Cystic fibrosis is a genetic disorder in which mucus builds up in the lungs, pancreas, and other body parts. This condition allows the epithelial cells, which are the tissue that internally lines our body’s cavities and hollow organs, to form an incomplete protein that alters the balance between water and salt in our body to create a light fluid. This fluid stops germs from entering the lungs and then being expelled, but if this layer of fluid becomes too dense, the germs will be trapped, and the airways will be further infected. At FastlyHealwe, explain cystic fibrosis’s causes, treatment, and prognosis.
Table of Contents
Causes of cystic fibrosis
This disease is inherited and is caused by a faulty gene that irregularly creates a sticky substance called mucus that accumulates and affects the respiratory tract and the digestive processes. Cystic fibrosis is more likely to develop in people of European descent and is diagnosed from two years of age; in less severe manifestations of the disease, they may not present symptoms and not be detected until 18.
The symptoms that accompany cystic fibrosis are different depending on the affected area:
In newborns :
- Absence of evacuations between the first 24 or 48 hours.
- Growth retardation
- Salty sweat
Regarding intestinal function :
- Weightloss
- Severe constipation
- Sickness
- Pale stools
Airways :
- Nasal congestion
- Sinusitis
- Fatigue
- Top
- Pneumonia
- Fever
- Loss of appetite
Later symptoms :
- Pancreatitis
- Malformation in the fingers
- Sterility in men
A blood test will be necessary to diagnose cystic fibrosis, and if there is a high value for immunoreactive trypsinogen, you may have cystic fibrosis. It can also be detected by measuring sweat chloride; if a high salt content is present, it is a sign of the disease.
Treatment for cystic fibrosis
Treatment for cystic fibrosis is based on avoiding complications, although an early diagnosis will be necessary to control the disease. Antibiotics are usually prescribed in higher doses than those customarily taken to prevent infections from treating lung problems. Bronchodilators are another drug for cystic fibrosis, as they will help open the airways; there are also concentrated saline solutions to improve the expectoration of mucus.
Likewise, postural drainage should be done, which is a technique to loosen mucus, where small blows are made with the hand in the shape of a cup in different areas and positions that make a rumbling sound. They should last between 5 and 7 minutes for each body area. Lung transplantation may be an option in some cases.

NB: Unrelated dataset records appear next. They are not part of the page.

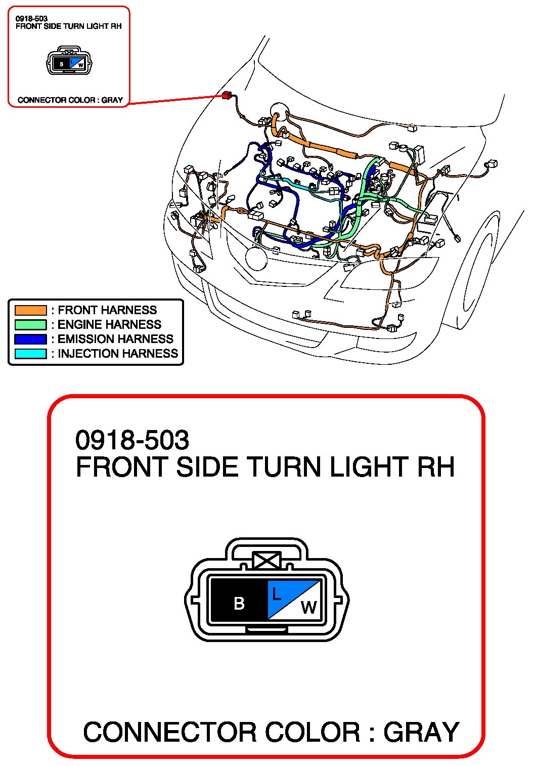 Front Side Turn Light RH:
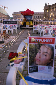 Der Käfig steht als eindringliches Symbol ihrer Gefangenschaft — ein stummer, aber kraftvoller Schrei nach Freiheit. Er spiegelt die Isolation, die Entbehrungen und die Qualen wider, die sie ertragen müssen, und fordert die Betrachter auf, sich an ihr Schicksal zu erinnern und sich für ihre Freilassung einzusetzen.
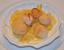 - A scallop shell or a dish shaped like one, especially when used to serve the aforementioned food.
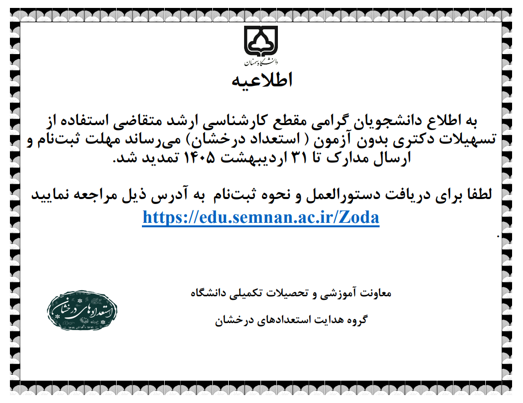 تمدید پذیرش بدون آزمون (استعداد درخشان) در مقطع دکتری دانشگاه سمنان سال تحصیلی ۱۴۰۶-۱۴۰۵
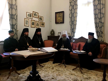 По завершении литургии владыка Кирилл и члены прибывшей с ним делегации посетили Священный Кинот – центральный исполнительный соборный орган управления Святой Горы.
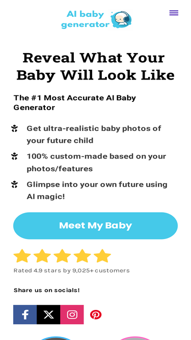 55%discover how your baby might look with our free ai baby generator. use our advanced ai baby face generator to see your future baby's face. try our baby ai generator today!
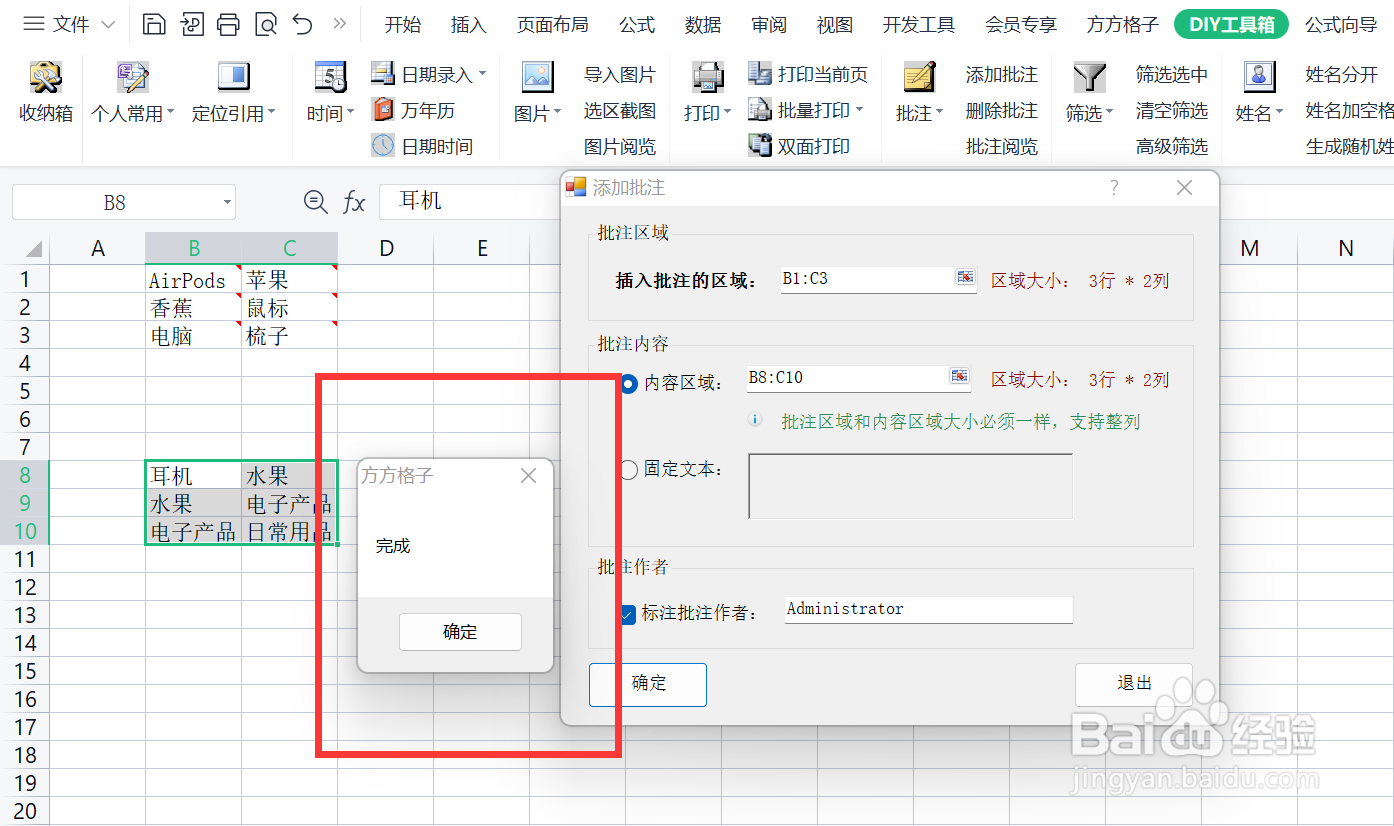 点击确认后,B8-C10的文本内容批注就插入完成。
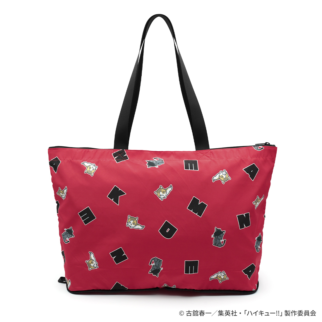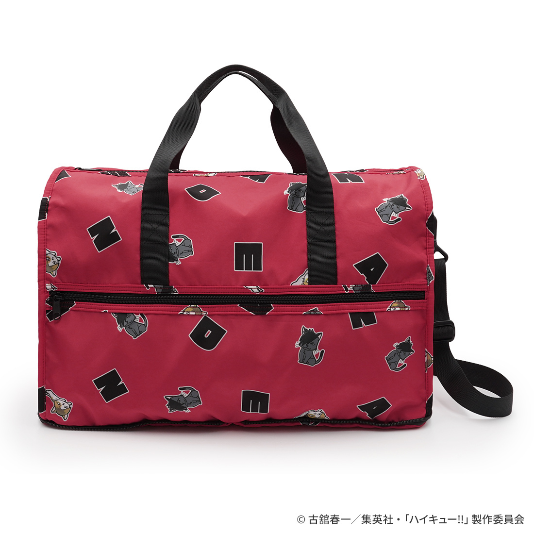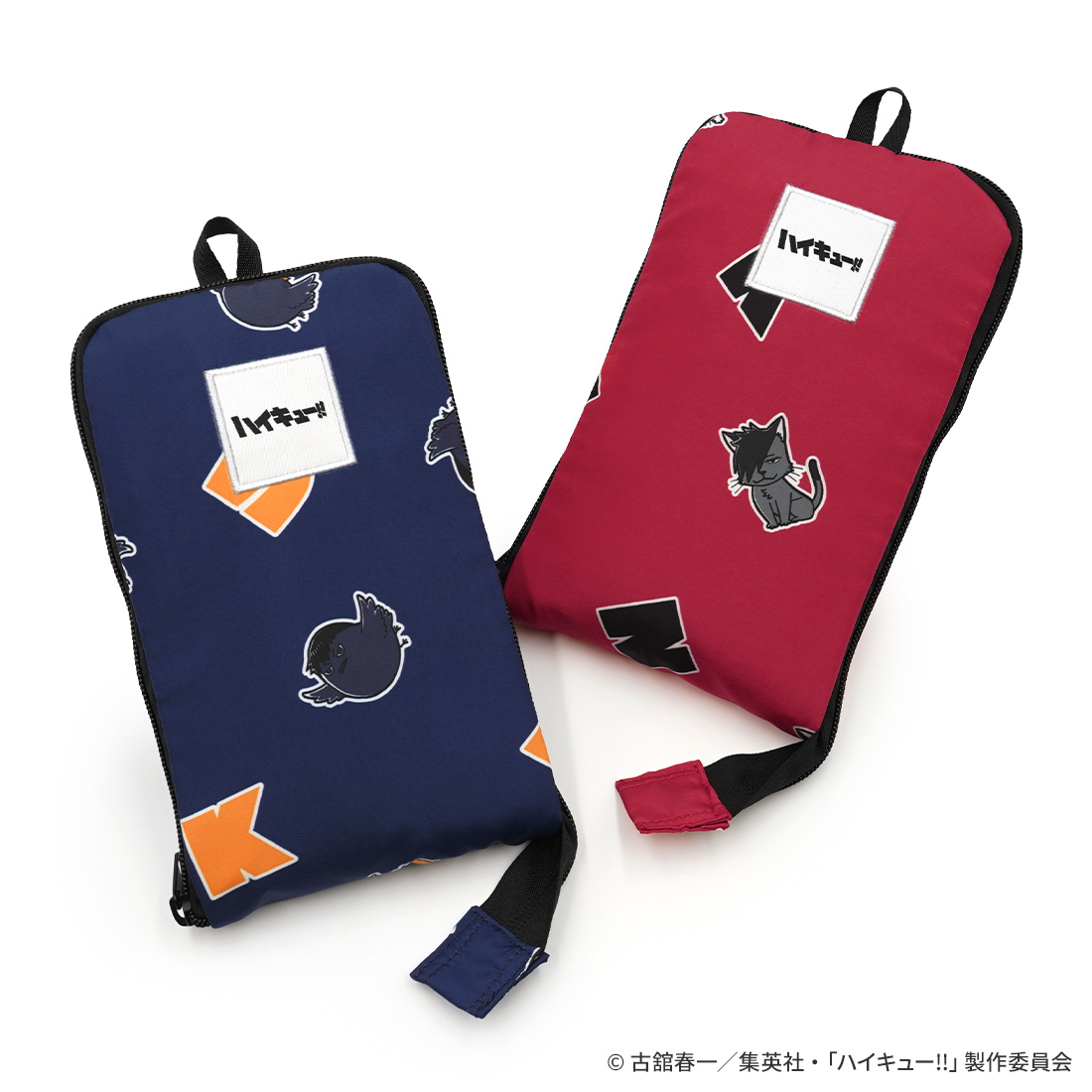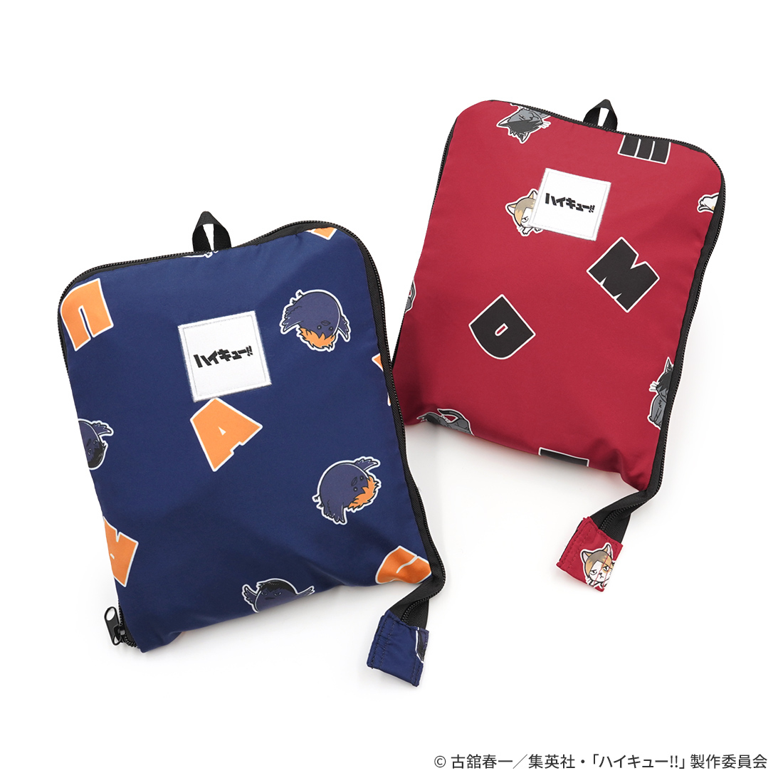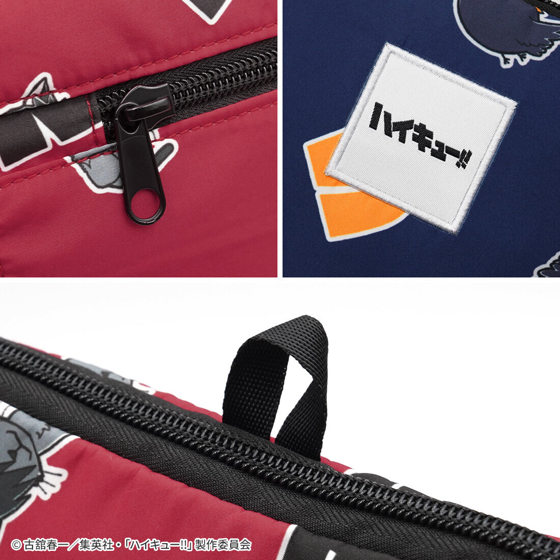 トラベルバッグの専門ブランド「HAPITAS」とのコラボアイテム。ヒナガラスやケンマネコなどマスコットキャラクターがマルチパターンになった、烏野高校と音駒高校の2つのデザイン。
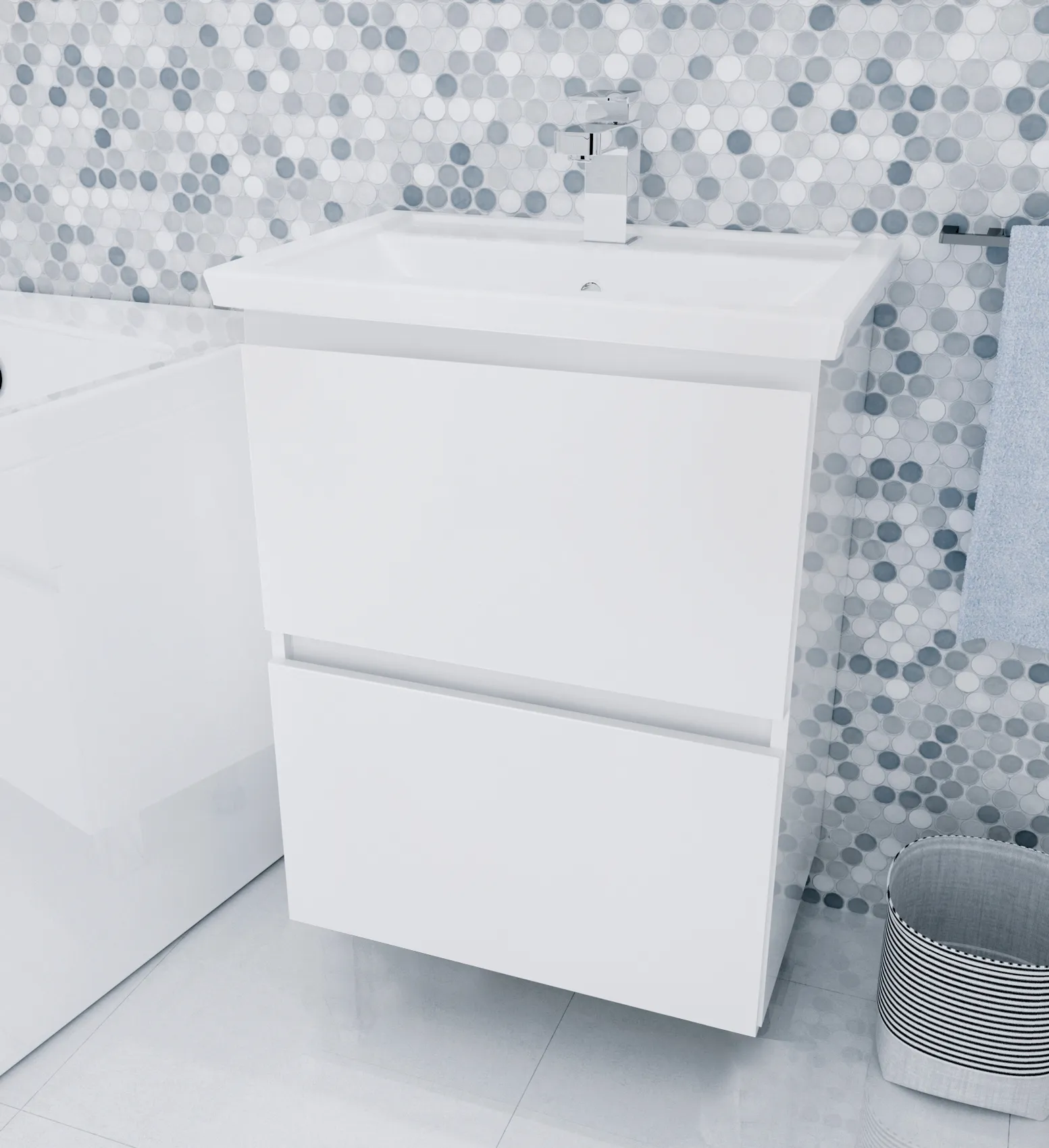 Стильная и лаконичная тумба для ванной комнаты, в дизайне которой нет ничего лишнего - только минимализм и акцент на безоговорочную функциональность. Отсутствие ручек и строгие геометрические формы делают ее актуальной для интерьеров в абсолютно любой современной или эклектичной стилистике. Благодаря качественной фурнитуре ежедневное использование тумбы отличается максимальным удобством. Практичное разделение ящиков на небольшие отсеки позволяет с комфортом организовать хранение косметики и других вещей. Глянцевая белая поверхность гармонично дополнит пространства в любой цветовой гамме.Характеристики:
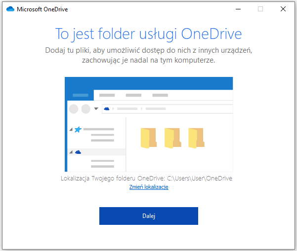 To dobry moment na stworzenie folderu, do którego będą trafiać pliki wysyłane następnie do chmury. Proponujemy dodać nowy folder do pulpitu i nazwać go np. „Kopia zapasowa w chmurze OneDrive”. To jednak tylko nasz pomysł. Po przygotowaniu folderu wracamy do powyższego okna i wybieramy „Zmień lokalizację”. Po wskazaniu wcześniej stworzonego folderu dziękujemy za wersję Premium i wszystko jest gotowe. OneDrive i jego dwa domyślne foldery „Dokumenty” i „Załączniki” powinny znajdować się w lokalizacji wybranej przez użytkownika.

On the other hand, treatment must cover nutritional areas, so people with this condition must have a diet rich in protein and calories and consume supplements of vitamins A, D, E, and K, in addition to taking pancreatic enzymes that will help assimilate fats and proteins.
Cystic fibrosis prognosis
Children born with this disease can have a relatively everyday life until adulthood. In the long term, the condition worsens, incapacitating the person who has it. The average age of life is 37 years, and death is caused by respiratory complications or malnutrition.
Possible complications
If cystic fibrosis is not diagnosed and treated in time, it can cause much more severe damage to the body. Some of the diseases that can occur are:
- Heart failure
- Pneumonia
- Chronic respiratory failure
- Diabetes
- Liver failure
- Osteoporosis and arthritis
- Coughing up blood
recommendations
There is some home care that should be taken into account so that the disease does not get worse:
- Stay hydrated, especially if you live in a warm climate.
- Do exercises like swimming, jogging, or cycling, two or three times a week.
- Perform postural drainage one to four times a day to prevent mucus build-up.
- Avoid contact with smoke, dust, household chemicals, and fungi.
This article is merely informative, at FastlyHeal .com we do not have the power to prescribe medical treatments or make any type of diagnosis. We invite you to see a doctor in the case of presenting any type of condition or discomfort.
If you want to read more articles similar to Cystic Fibrosis: causes, treatment, and prognosis , we recommend entering our Lung and respiratory tract category .
I am a Surgeon with a diploma in comprehensive ultrasound and surgical care residency, an area I am specializing in. During the exercise of my profession, I have realized the need for patients to know the diseases they suffer, and I can tell you that a large part of their complications is due to a lack of information. Being a health web writer allows me to transmit my experience, without borders, to all those readers eager for knowledge, educate them in the prevention of diseases and promote a healthy lifestyle.